Our look at rendering performance will revolve around seven different solutions. Both Blender and LuxCoreRender can be run on all three graphics vendors, while Arnold, KeyShot, Octane, Redshift, and V-Ray are currently NVIDIA-only.

To kick off our look at rendering performance with the RTX 4090, we couldn’t help but test a few generations of top-end GPUs to highlight how far we’ve come in a relatively short amount of time. To do this, we grabbed a handful of 24GB GPUs, and the Chaos V-Ray project Winter Apartment, which requires over 16GB of VRAM to render. Here are those results:

NVIDIA GeForce RTX 4090 - Generational Rendering Improvements

This is one of those times when a picture’s worth a thousand words. In four generations, NVIDIA’s top-end SKU slices this project’s render times to almost 10% of what we saw with a top-end Pascal card. When we reviewed that Quadro P6000 in 2017, we called it the “fastest graphics card ever”. Well, it’s now clear that if you’re still rocking that class and generation of GPU, you’re sorely missing out on huge rendering performance gains.

A couple of other V-Ray projects show tremendous gains, as well. It’s not quite an exact halving of render times vs. RTX 3090, but it’s close:

Chaos V-Ray Rendering - Kitchen (NVIDIA GeForce RTX 4090)
Chaos V-Ray Rendering - Loft Bedroom (NVIDIA GeForce RTX 4090)
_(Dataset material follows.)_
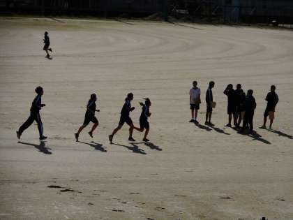 2年生は体育、1000m走のタイムをとっています。すでに終わった生徒は走っている生徒に「ガンバレ」と何度も声をかけていました。

With OctaneRender, the performance advantage of the RTX 4090 across two projects is about 70%, and obviously quite a bit better when opting to use OptiX over CUDA:

OTOY Octane Rendering - God Rays (NVIDIA GeForce RTX 4090)
OTOY Octane Rendering - Grass (NVIDIA GeForce RTX 4090)

With Arnold, we see similar leaps in performance as we did with Octane; not quite double, but still a massive reduction in render times:

Autodesk Arnold Rendering - Jaguar E-Type (NVIDIA GeForce RTX 4090)
Autodesk Arnold Rendering - Sophie (NVIDIA GeForce RTX 4090)

Continuing on to a look at Blender, the Cycles engine also benefits heavily from NVIDIA’s latest architecture:

Blender Cycles Rendering - BMW and Classroom (NVIDIA GeForce RTX 4090)
Blender Cycles Rendering - Secret Deer and Sprite Fright (NVIDIA GeForce RTX 4090)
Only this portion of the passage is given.